There has been a total reversal of the winemaking philosophy at Bouchard Pere et Fils. This is one of the wealthiest firms in France, as well as the largest landowner of premier and grand crus in Burgundy. For years their wines, while commercially acceptable, were uninspiring. Yields were not limited, excessive amounts of SO2 were employed, the wines were processed and racked excessively, and, most damaging, they were aggressively filtered, often with sterile micropore filters. Inspired by the exceptional success enjoyed by such negociant firms as Faiveley and Louis Jadot (they had stopped filtering all of their premier and grand crus by 1988, opting for a minimal interventionist process in their winemaking), Paul Bouchard and his son Jean-Francois have begun to turn out their finest wines since the forties and fifties. The wines are deeper-colored and noticeably more concentrated. All the premier crus and grand crus are bottled with minimal additions of SO2, and are not filtered. Consequently, as the notes and scores reveal, there has been a significant leap in quality.
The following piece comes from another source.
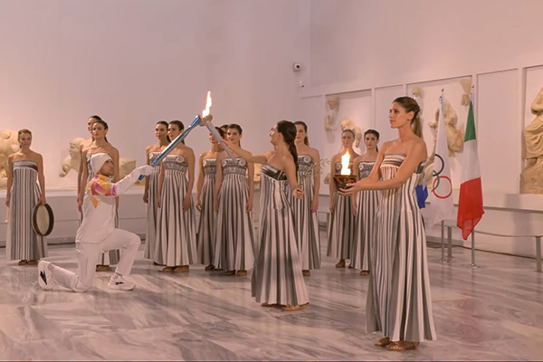 Tras la representación teatral, la "suma sacerdotisa" entregó la llama al primer portador del Relevo de la Antorcha Olímpica, el medallista de bronce Petros Gkaidatzis, campeón de remo de París. Posteriormente, se le unió la esquiadora italiana y cuatro veces campeona mundial Stefania Belmondo.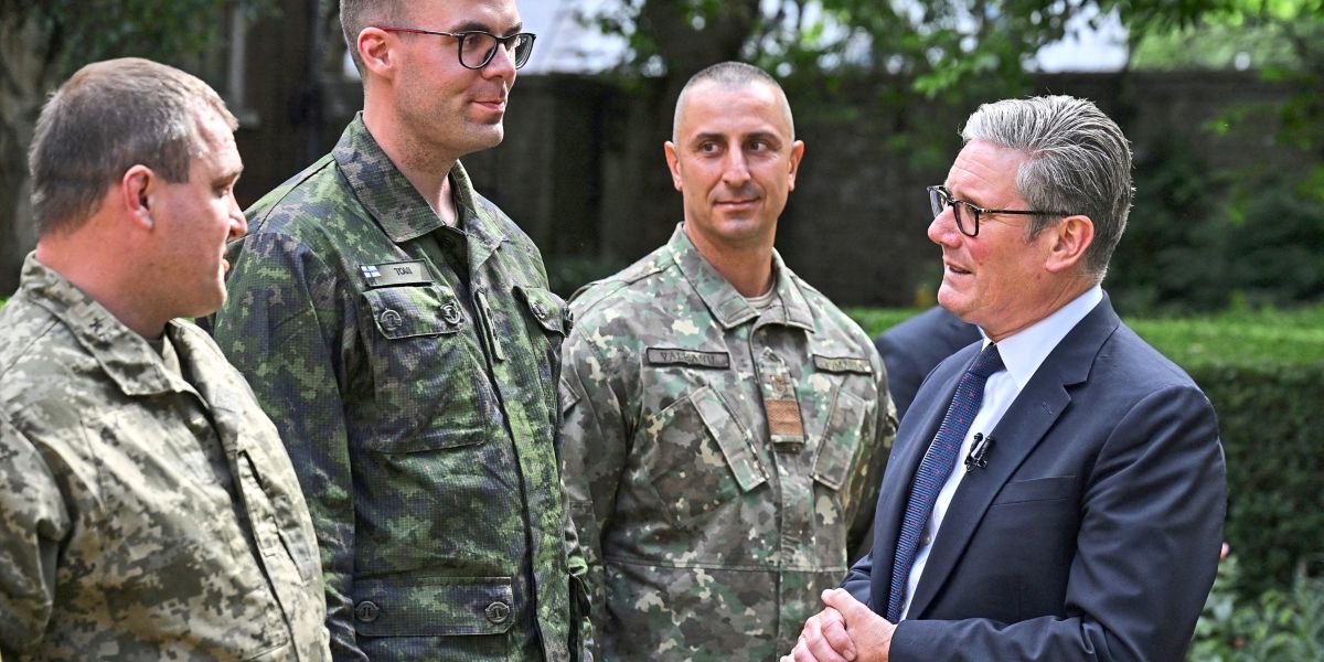 British Prime Minister Keir Starmer meets troops involved in Operation Interflex, during a meeting with Ukrainian President Volodymyr Zelenskiy (not pictured) at Downing Street in London, Britain, June 23, 2025. REUTERS/Jaimi Joy/Pool

The deep, richly colored 1990 Echezeaux is full-bodied, with a masculine personality, and gobs of tannin and depth in the long, formidable finish. This backward, unevolved wine needs at least 5-6 years of cellaring; it should keep for 12-15 years.
Kudos to Bouchard Pere et Fils for recognizing that improvements had to be made, and for having the courage to implement them. Various importers.